Ditadores, exércitos, hegemonias econômicas, massas versáteis e
inconscientes, guerras inglórias, organizações seculares, passarão com a
vertigem de um pesadelo.
A vitória da força é uma claridade de fogos de artifício.
Toda a realidade é a do Espírito e toda a paz é a do entendimento do
reino de Deus e de sua justiça.
O século que passa efetuará a divisão das ovelhas do imenso rebanho. O
cajado do pastor conduzirá o sofrimento na tarefa penosa da escolha e a
dor se incumbirá do trabalho que os homens não aceitaram por amor.

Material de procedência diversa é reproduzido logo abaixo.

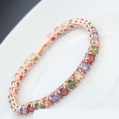 Módny pozlátený náramok s farebnými zirkónovými kamienkami.
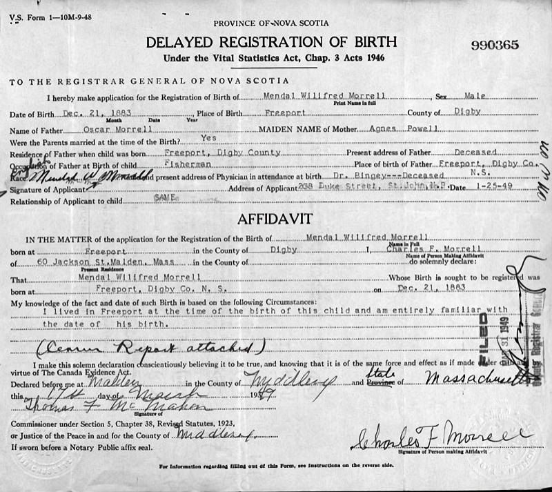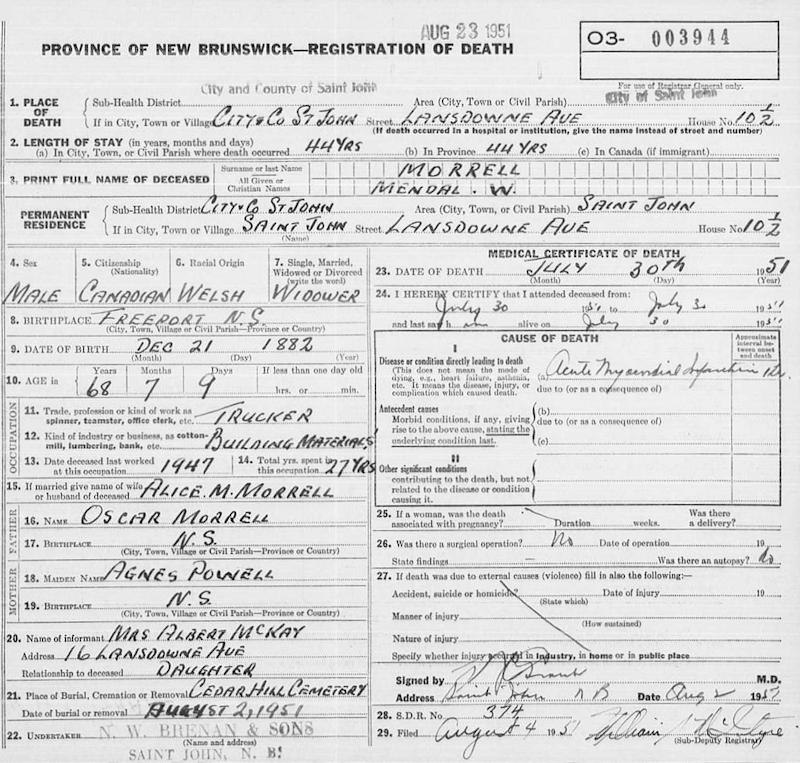 Birth Born on December 21, 1883 in Freeport, Digby Co., NS Death Died on July 30, 1951 in Saint John, Saint John Co., NB Buried in Fernhill Cemetery in Saint John, Saint John Co., NB Marriages McCOLLOM, Alice May Married on April 03, 1908 in Saint John, Saint John Co., NB Children MORRELL, Hazel Gertrude: November 12, 1908 MORRELL, Agnes May: May 22, 1911 MORRELL, Mildred Foster Bernice: June 06, 1914 Notes Occupation: Mariner/ Dredging/ Trucker Death: Acute Myocardial Infarction Sources Nova Scotia Deaths: #3944 Images Mendal Morrell Birth Mendal Morrell Death Alice McCollom Marriage
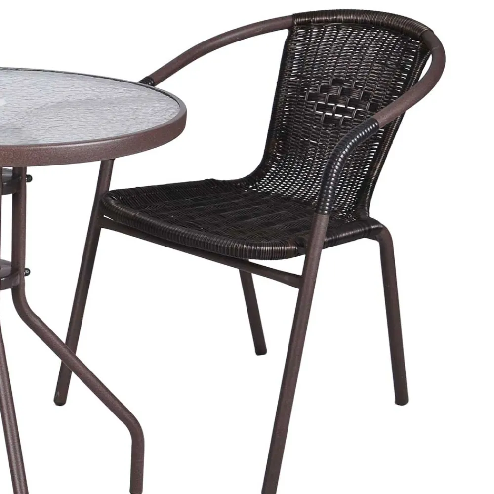 - Das braune Bistrotisch-Set passt perfekt in Ihren Landhausgarten
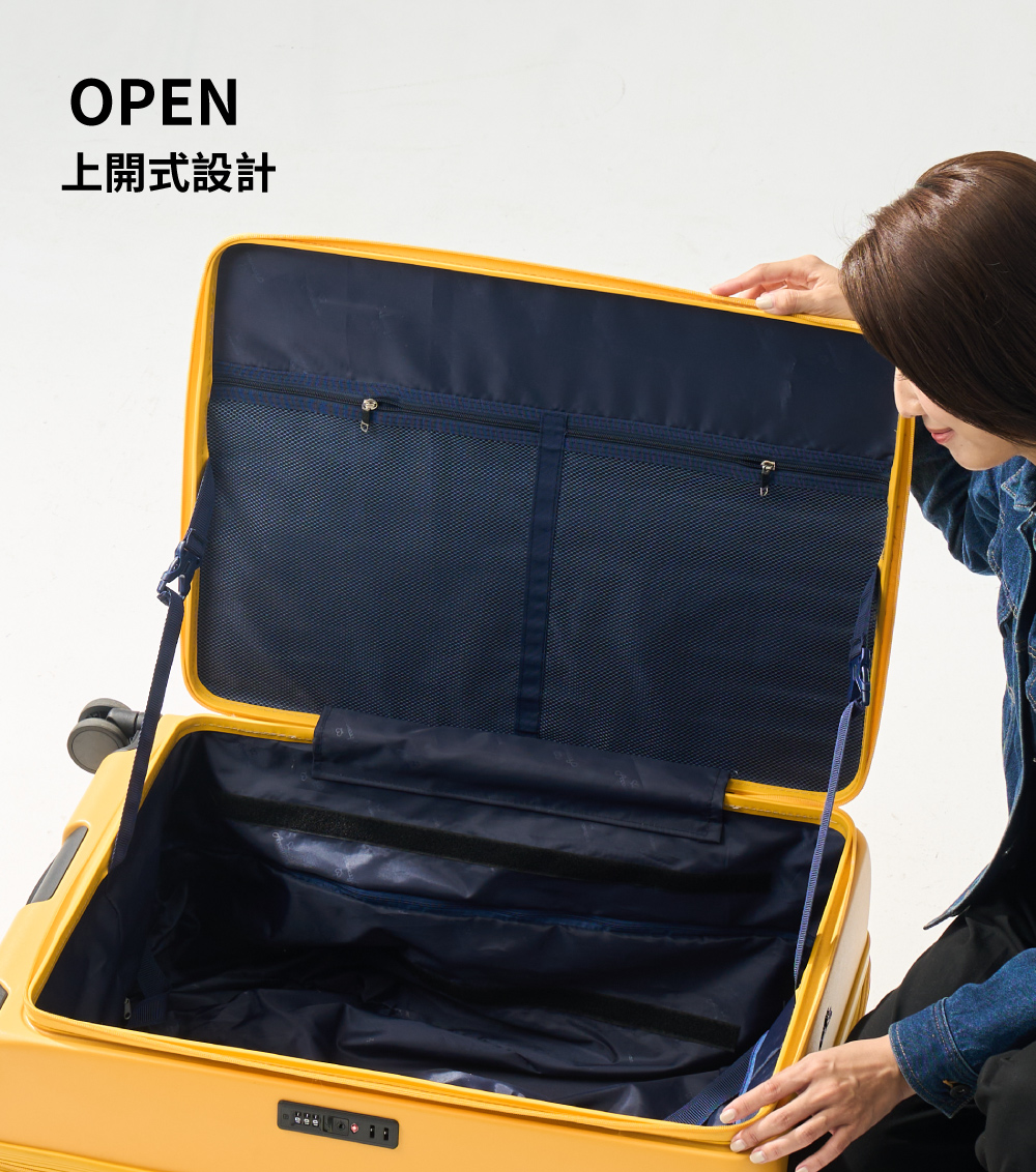 ●配件:靜音飛機輪、TSA海關密碼鎖、上開蓋設計、防爆可加大拉鍊

Uma tempestade de amarguras varrerá toda a Terra. Os filhos da Jerusalém
de todos os séculos devem chorar, contemplando essas chuvas de lágrimas
e de sangue que rebentarão das nuvens pesadas de suas consciências
enegrecidas.
Condenada pelas sentenças irrevogáveis de seus erros sociais e
políticos, a superioridade européia desaparecerá para sempre, como o
Império Romano, entregando à América o fruto das suas experiências, com
vistas à civilização do porvir.
Vive-se agora, na Terra, um crepúsculo, ao qual sucederá profunda noite;
e ao século 20 compete a missão do desfecho desses acontecimentos
espantosos.
Todavia, os operários humildes do Cristo ouçamos a sua voz no âmago de
nossa alma:
"Bem-aventurados os pobres, porque o reino de Deus lhes pertence!
Bem-aventurados os que têm fome de justiça, porque serão saciados!
Bem-aventurados os aflitos, porque chegará o dia da consolação!
Bem-aventurados os pacíficos, porque irão a Deus!"
Sim, porque depois da treva
surgirá uma nova aurora. Luzes consoladoras envolverão todo o orbe
regenerado no batismo do sofrimento. O homem espiritual estará unido ao
homem físico para a sua marcha gloriosa no Ilimitado, e o Espiritismo
terá retirado dos seus escombros materiais a alma divina das religiões,
que os homens perverteram, ligando-as no abraço acolhedor do
Cristianismo restaurado.
Trabalhemos por Jesus, ainda que a nossa oficina esteja localizada no
deserto das consciências.
Todos somos dos chamados ao grande labor e o nosso mais sublime dever é
responder aos apelos do Escolhido.
Revendo os quadros da História do mundo, sentimos um frio cortante neste
crepúsculo doloroso da civilização ocidental. Lembremos a misericórdia
do Pai e façamos as nossas preces. A noite não tarda e, no bojo de suas
sombras compactas, não nos esqueçamos de Jesus, cuja misericórdia
infinita, como sempre, será a claridade imortal da alvorada futura,
feita de paz, de fraternidade e de redenção.